> PROBLEM
Reproduce exactly the span of lines beginning at the one with "Создано на основе" and ending at the last line of the data below, omitting pictures.

> STORED DATA

● ● ● ● ●

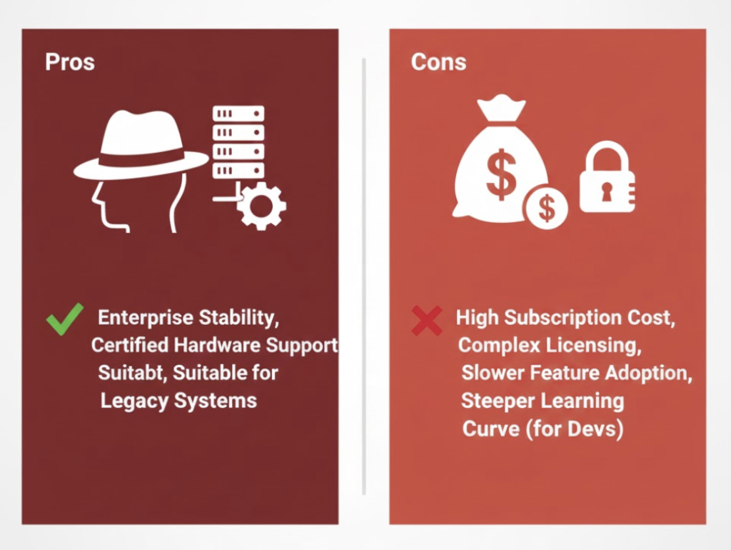 - ข้อดี: ความเสถียรสูงมาก, การรับรองฮาร์ดแวร์และซอฟต์แวร์ (ISV Certification) กว้างขวาง, เหมาะกับระบบ Legacy เดิม
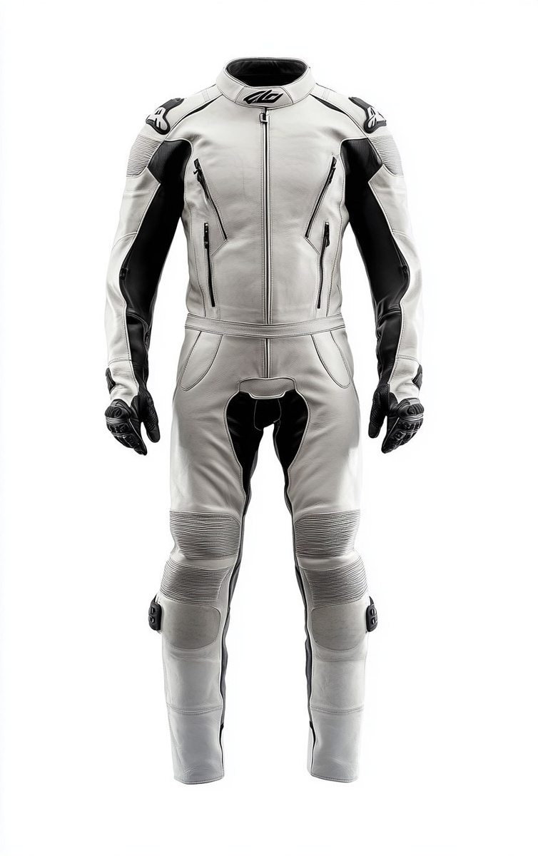 Создано на основе запроса: White leather motorcycle suit, simple design, front view, white background, high-resolution photography, detailed
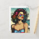 Beautiful Woman on Beach Comic Book Pop Art Postkarte

● ● ● ● ●

> COMPLETED TASK
 Создано на основе запроса: White leather motorcycle suit, simple design, front view, white background, high-resolution photography, detailed
 Beautiful Woman on Beach Comic Book Pop Art Postkarte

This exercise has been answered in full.